Les médecins hospitaliers « ne seront pas les complices muets d’une politique sanitaire désuète et coupable ! », mettent en garde, dans un communiqué commun, plusieurs syndicats et collectifs de praticiens hospitaliers (APH, Amuf, CIH, Snphare, SuDF, etc.). Ceux-ci ont appris que la Dr Caroline Brémaud avait été démise de ses fonctions de cheffe de service des urgences du CH de Laval (Mayenne), le 23 novembre.
Pour justifier leur décision, le directeur de l’hôpital et le président de la CME auraient évoqué le « prétexte de gouvernance unifiée », soit « la fin des services pour créer un chef de département unique regroupant les urgences et le Samu-Smur », précise les syndicats. Mais cette décision avait plutôt vocation à « priver de toute responsabilité » une médecin qui a « osé dire la vérité à nos concitoyens » et combattu « les mensonges complices » des tutelles, subodorent encore les organisations.
Lanceur d'alerte
Depuis des années, la médiatique ex-cheffe de service alerte publiquement sur le manque cruel de moyens humains au centre hospitalier – et au-delà sur la crise du système de santé. Cette destitution est « ignoble et contraire aux droits d’expression de chaque citoyen » car elle signifie que « les directions stigmatisent les lanceurs d’alerte », estime encore le communiqué des syndicats, qui espèrent rendre justice à l’urgentiste.

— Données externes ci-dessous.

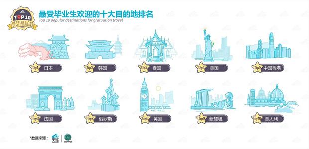據(jù)天巡數(shù)據(jù)顯示,最受學(xué)生群體歡迎的畢業(yè)旅行境外目的地前十名依次是:日本、韓國(guó)、泰國(guó)、美國(guó)、香港、法國(guó)、俄羅斯、英國(guó)、新加坡和意大利。亞洲國(guó)家占據(jù)熱門目的地TOP3,日本、韓國(guó)和泰國(guó)的搜索頻率也遠(yuǎn)超其他境外目的地,其中日本的搜索量是其他目的地兩倍;泰國(guó)等東南亞目的地憑借低廉的出行價(jià)格以及便利的交通,仍然是學(xué)生群體畢業(yè)季旅行的熱門目的地。
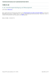 Verfahrenshinweise der Ausländerbehörde Berlin VAB A 42 A. 42. Verordnungsermächtigung und Weisungsrecht (20.07.2005; HQRLUmsG ) 42. 0. § 42 enthält die Ermächtigungsgrundlagen für das Bundesministerium für Arbeit und Soziales (BMAS) zum Erlass der Beschäftigungsverordnung –BeschV (Abs. 1) sowie der Beschäftigungsverfahrensverordnung –BeschVerfV (Abs. 2). Daneben wird ausdrücklich das Weisungsrecht des BMAS geregelt. 42.1.1. bis 42.3. einstweilen frei Dieses PDF wurde erstellt am: 07.11.2016 Seite 285 von 747
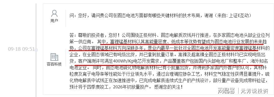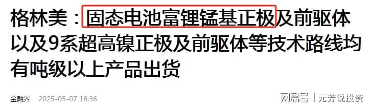富锂锰基进展:获富锂锰基正极材料发明专利(CN202510025616.2),通过氟离子、镁离子掺杂提升材料性能,适配硫化物固态电池体系,已进入宁德时代、比亚迪供应链。
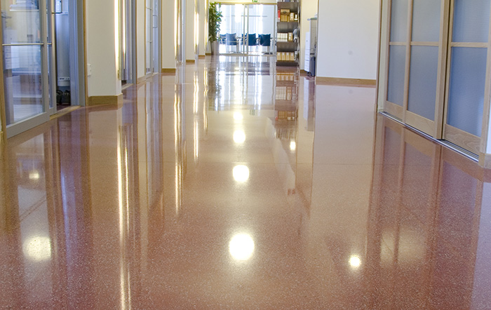 Polished Concrete is the most important flooring alternative to become available within the last few years. The surface of the concrete is diamond ground and polished, then a densifier is applied. The surface becomes highly reflective, beautiful, durable, abrasion resistant, environmentally friendly and easy to maintain.

Les organisations de PH solidaires préviennent qu'ils s’opposeront « à toute tentative d’intimidation ou à toute sanction vis-à-vis des praticiens hospitaliers », lorsque ces derniers « s’expriment publiquement dans les médias pour informer la population sur le délitement programmé de l’hôpital public ».
Pas un cas isolé
Contactée par Le Quotidien, la Dr Isabelle Simon, pneumologue au CH de Compiègne et membre du CIH, estime que cette affaire de mise à l'écart est loin d’être un cas isolé. Selon elle, la Dr Brémaud « n’est pas le seul médecin à avoir été destitué, placardisé ou harcelé pour avoir dénoncé une situation alarmante ». Une situation qu’elle juge « inquiétante » car « il s’agit de faire taire les gens sur le manque de lits, le manque de personnel et la surcharge de travail ». La Dr Brémaud, ajoute-t-elle, aurait été sanctionnée pour avoir communiqué dans les médias et avoir dérangé au passage certaines personnes considérant que « cela diminue l’attractivité de son territoire ».
Des informations confirmées par un autre médecin, qui souhaite rester anonyme. « Pour certains, la mobilisation du Dr Brémaud nuit à l’attractivité du département. Il fallait la faire taire, parce que c’est plus facile de lui couper la tête que de travailler sur la problématique de l’attractivité ». Par exemple, l’urgentiste du CH de Laval aurait dénoncé, trop haut, trop fort, dans la presse locale « l’effondrement du système de santé et la situation catastrophique sur le plan local, en particulier les nombreuses fermetures des urgences de l'hôpital la nuit », avance le même médecin.
« Propos qui dérangent »
Également contacté par Le Quotidien, le Dr Marc Noizet, président de Samu-Urgences de France (SUdF), estime lui aussi que l'urgentiste a été sanctionnée pour « avoir tenu des propos qui dérangent ». Mais « ce n’est pas parce que vous fermez les yeux sur une situation que vous évitez le danger », poursuit le président de SUdF, qui apporte son soutien à l’urgentiste. D’autant que, sur le fond, « les professionnels, malgré les effets d’annonce du ministre, ne voient rien changer dans leur quotidien : pas de réouverture des lits, pas de personnel en plus, pas d’amélioration de l’aval urgences ».
La Dr Brémaud pourra enfin compter sur le soutien de Laurence Cohen, ancienne sénatrice communiste du Val-de-Marne, qui vient d'adresser un courrier à Aurélien Rousseau, pour dénoncer une décision « qui ressemble à une sanction incompréhensible », « une décision injuste et contre-productive ».